8月中旬の被災地状況─その1─ 岩手県宮古市田老地区

今月(2011年8月)中旬に岩手県の三陸沿岸を訪れました。

岩手県宮古市田老地区
宮古市田老地区です。たろう観光ホテル(写真)の3階部分までは強い波の影響を受けたであろう事が推察できます。

この写真のちょうど中央奧、山際の四角い建物がたろう観光ホテルだと思われます。

現地で感じたのは、この道路設計では緊急時にはつまってしまうだろうな、ということでした。

海から山方向へまっすぐ伸びる数本のやや幅広道を幹に、側溝のある片側1車線の狭い道が碁盤の目状に交差していました。

この道を、歩行者、自転車、自動車が混在している状態で、迅速に避難できたとは思えません。



直角の十字交差点では確実に渋滞しますし、限られた目的地へ向かうに連れてどんどん集約され加速度的に急増していったであろう交通量を処理できたとも思えません。まして避難先へたどり着くにはまがりくねった急斜道をのぼらなければなりませんし、避難所には広い駐車場があって有能な誘導係も配置されていた、とも到底思えません。

そもそも碁盤の目状の街路というのは、街を無駄なく細分化しやすくするための手段であって、交通を潤滑にするためのものではありません。もしも街の道路配置が放射(クモの巣)状に広がって行くような、交通の流れを意識した設計であったなら、渋滞につかまっている間に津波へ呑み込まれてしまうような事例は確実に少なかったでしょう。
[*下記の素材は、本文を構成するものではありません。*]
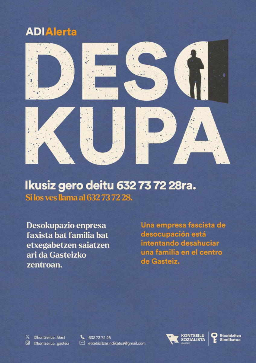 Desokupazio enpresa faxista hauek gero eta ohikoagoak dira. Aurreko astean, lau esku-hartze egon ziren Hego Euskal Herrian. Salatu dute desokupek “inpunitate osoz jarduten dutela, poliziaren eta estatuaren onespenarekin eta hedabideek zein sare sozialek anplifikatuta”. Enpresa hauek langile klasearen kriminalizazio eta familia langileen praktiken normalizazioan funtsezko papera jokatzen dutela mahaigaineratu dute, eta “faxismoaren eta diskurtso antiproletarioen aurrelariak” direla.
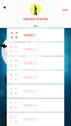 Get ready to be a detective with the words you'll find by scrolling through our word puzzle game, starting with 2x2 and continuing to 7x7 puzzle!

同様に強大な防潮堤というものも、こと迅速な避難という面を考えるならはなはだ疑問です。
巨大な防潮堤があったがために、津波への意識や、避難の経験やノウハウの蓄積が貧弱化していったことが容易に想像されるからです。

ただ、これも後知恵感は否めません。
今回の津波が来なかったならば、碁盤の目状の歩道のない街路構造や巨大な防潮堤というものは、不動産の合理的な活用という点では理にかなったものでした。公共工事による地域への資金投下という効果も、若干はあったでしょうし。過疎化高齢化の進む地場経済を活性化したいと願えば、便の良い堤防の海側へ建物を建設することも禁止はできなかったであろうことも理解できます。合法である認可申請を制限できる権限を、当時の行政が持っていたとも思えません。住民の合意も得られなかったでしょう。

しかしそれでも考えてしまったのです。
一方では巨大津波が来ると言って、巨大な堤防を造り、
もう一方では、まるで巨大津波のことなど考えていないかのような街作りをしている。

今も残る田老の巨大防潮堤は、住民にとっての「願望」だったのではないか、と。
いつかまた巨大津波が来るだろうことはわかってはいても、もう二度と来ないで欲しいという願い。
考えなければまるでその問題が存在しないかのような心理。
そうした願望が、巨大堤防という実体を得ることによって、『事実化』させられた。
そうした田老地区住民の心の象徴が、あの巨大堤防だったように私には思えたのです。